Может быть, всякий другой на моем месте покорился бы своей участи и умер в отчаянии, но мне несносна была мысль о столь жалкой гибели, после того как я благополучно выдержал столько штормов по воле жестокой судьбы. Поэтому, невзирая на предписание Оукема, я уговорил солдат, чьим добрым расположением заручился, повесить между их койками мою, и уже радовался таким удобствам, но Крэмпли, узнав об этом, тотчас же уведомил капитана о нарушении мною приказа и был облечен властью снова отправить меня в предоставленное мне помещение. Такая зверская месть столь возмутила меня, что я, отчаянно ругаясь, поклялся призвать его к ответу, если это будет в моей власти, а волнение и возбуждение значительно усилили мою лихорадку.
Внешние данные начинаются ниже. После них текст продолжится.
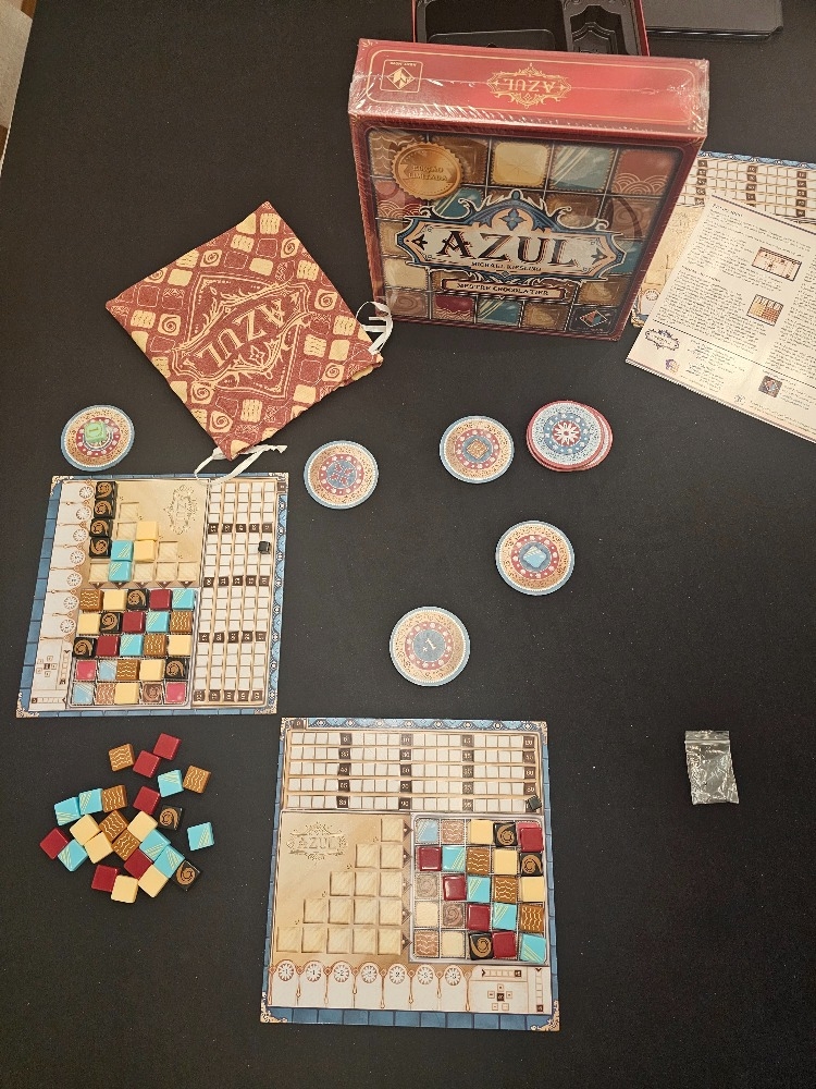 No jogo Azul, os jogadores se revezam comprando peças coloridas de fornecedores para o tabuleiro do jogador. Mais tarde na rodada, os jogadores marcam pontos com base em como colocaram suas peças para decorar o palácio. Pontos extras são marcados para padrões específicos e conjuntos completos; suprimentos desperdiçados prejudicam a pontuação do jogador. O jogador com mais pontos no final do jogo vence.

Когда я лежал, задыхаясь, в этой преисподней, меня навестил сержант, которому я вправил кости и залечил нос, разбитый осколком во время нашего последнего боя. Узнав о моем положении, он предложил мне воспользоваться его каютой, которая была отгорожена парусиной, находилась на средней палубе и хорошо проветривалась благодаря открытому пушечному порту. Я с радостью принял это приглашение и тотчас же был переведен в его каюту, где, пока длилась моя болезнь, за мной ухаживал с величайшей нежностью и заботливостью этот благодарный алебардщик, которому до конца нашего плавания не оставалось другого места для постели, кроме курятника. Здесь я лежал, наслаждаясь бризом, но, несмотря на это, недуг все усиливался и, наконец, стал угрожать моей жизни, хотя я не терял надежды на выздоровление даже тогда, когда мне приходилось с горестью видеть из окна каюты, как бросают ежедневно за борт по шесть, по семь человек, умерших от той же болезни.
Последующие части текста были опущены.